Over a modest dinner of boiled maize flour and lentil soup the conversation turns to the difficulty the family – and their neighbours – face in rebuilding safe homes on their own land.
"We are scared of landslides from above the village. It will definitely fall down if there is another earthquake," says Kaile Lama.
After hearing their story, Pokharel promised to inspect the land himself the following day. He was visiting Selang with BBC Media Action to witness the hardships faced by communities who lost their homes in the earthquake. Pokharel spends the night in the Lama’s makeshift home experiencing firsthand the conditions faced by families like the Lamas.
Sajha Sawal visited Selang right after the earthquake in 2015 with the then Forest Minster who vowed that households would be moved to a less hazard-prone location. The team returned two years later to see what had changed and give people the opportunity to hold those leading the reconstruction efforts to account – and urge them to deliver on their promises.

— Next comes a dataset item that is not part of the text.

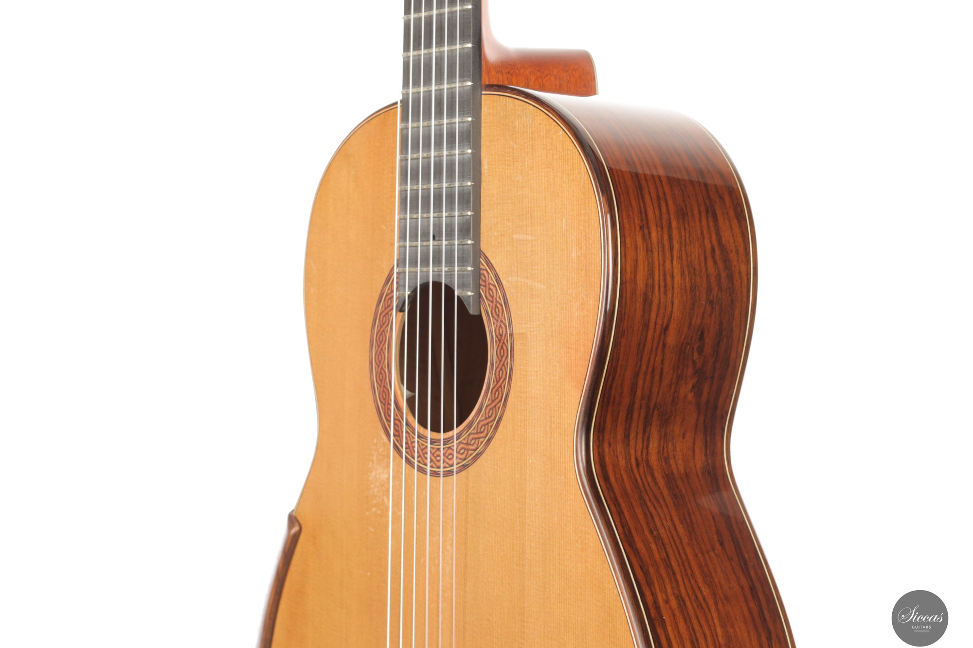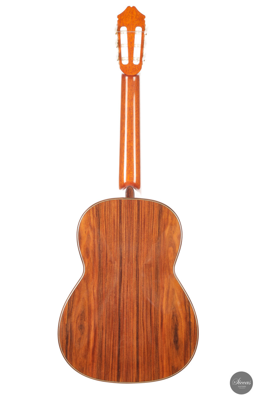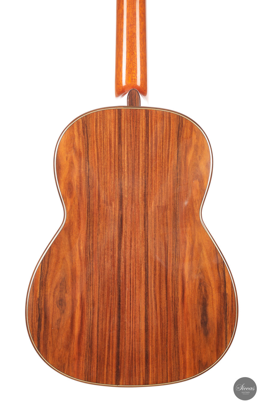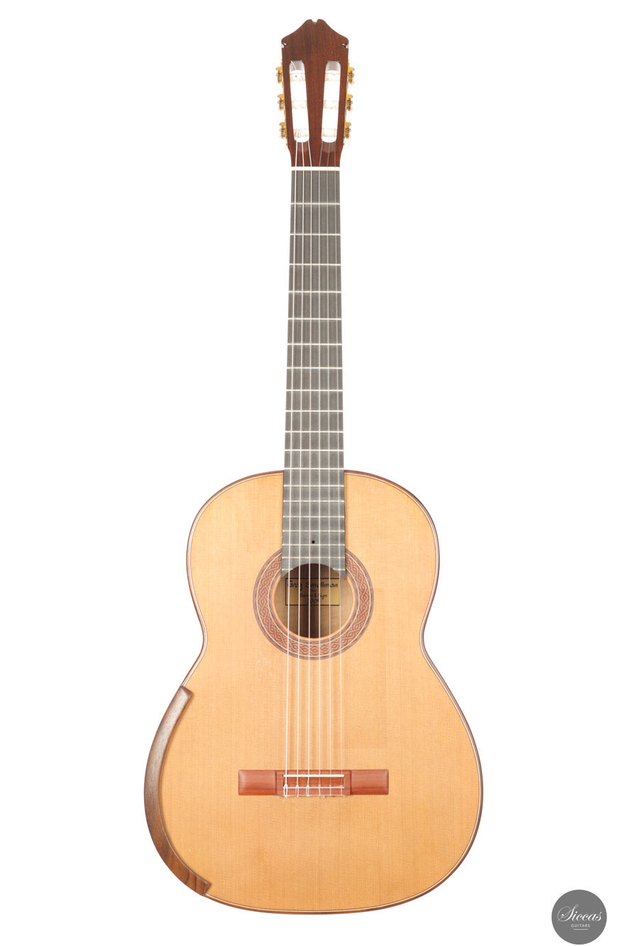 Built in 2009, this guitar is a fine example of the Smallman legacy. It features a cedar soundboard supported by a carbon-reinforced lattice bracing system, paired with rosewood back and sides. The body is doubled, creating a rigid shell that enhances projection and stability, while the light top construction responds with minimal effort from the player. The lacquer finish ensures durability while maintaining the guitar’s visual elegance.

After seeing the precarious hillside and listening to the residents’ concerns Pokharal said: "People are scared to live here. Naked eye observation shows the cliff might fall down in case of an earthquake. We should not keep our people in such places."
Promises of new land
Pressed by presenter Bidhya Chapagain to provide action as well as more assurances he pledged to find new land where the community could rebuild safely.

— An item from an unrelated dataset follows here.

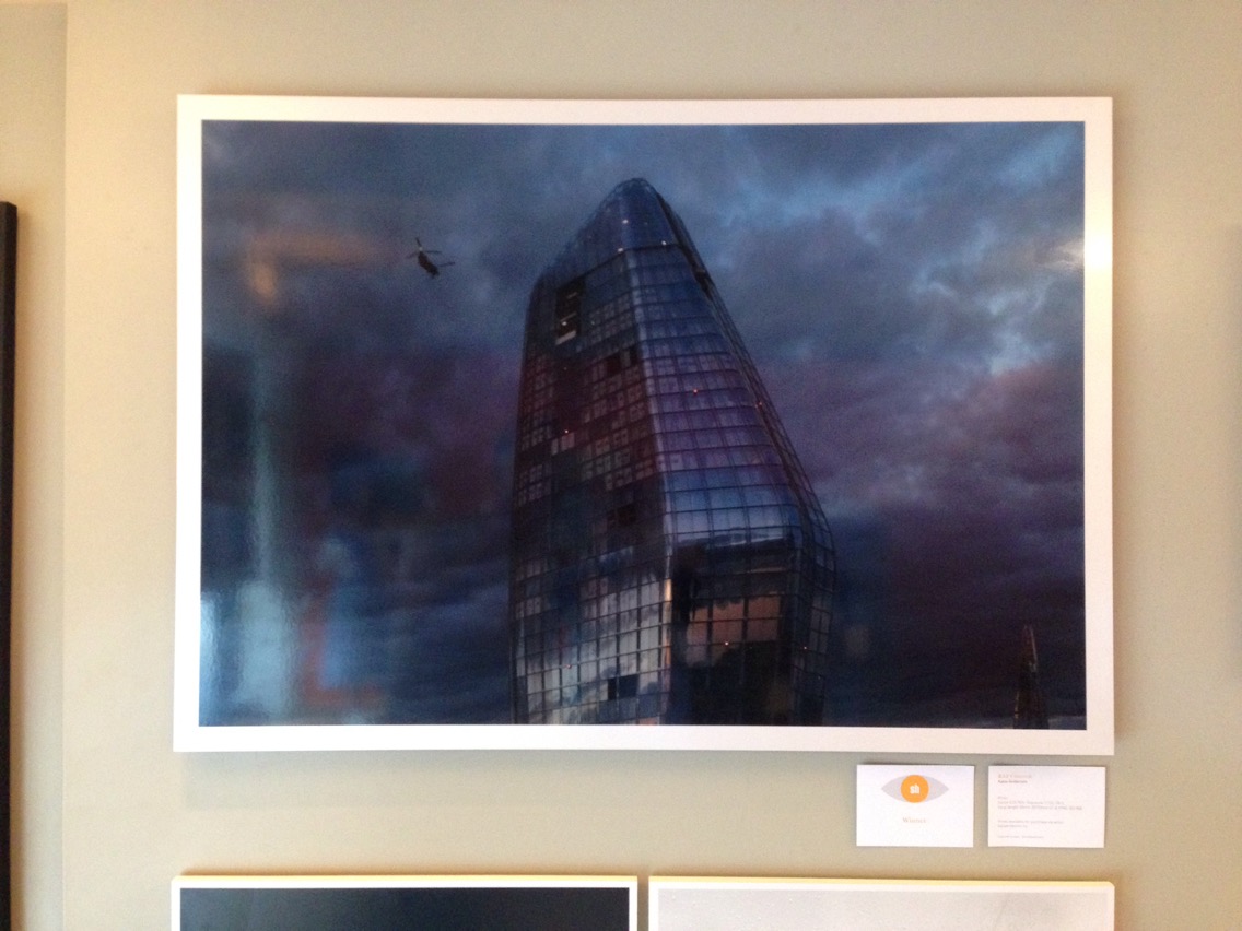The exhibition also included a competitive element. Our team of judges – SimpsonHaugh’s David MacDonald and Matthew Ayres, and Caro Communication’s Diane Hutchinson – spent an afternoon debating the merits of each piece in order to pick which they thought provided the most surprising, fresh, unconventional and unique view of our building/s. The judges' chosen winner is Katie Anderson’s “RAF Chinook”, a thoughtfully composed photo of One Blackfriars, which they found visually arresting, especially the opposition of the Chinook and the Shard, and the lighting and reflections.

And meeting the commitment made on the show, Pokharel returned to Selang in June and helped identify 65 households that needed to be resettled to a safer location.
A more stable area of Selang has been identified by geologists where the displaced families are being provided help by different organizations to rebuild, making it the first resettlement plan initiated by the government.
Steps in the right direction – but still a way to go
The government also identified 700 families in settlements in Rasuwa, Dolakha, Gorkha and Ramechhap districts in need of resettlement. And even though it has been deemed unsafe by the government geologists, the villagers of Selang have still been returning to their farmlands on the brittle hillsides to plant crops.
"We had dry landslides three days ago, that nearly swept away some villagers," Ramamaya Lopchan told BBC Sajha Sawal over the phone this week.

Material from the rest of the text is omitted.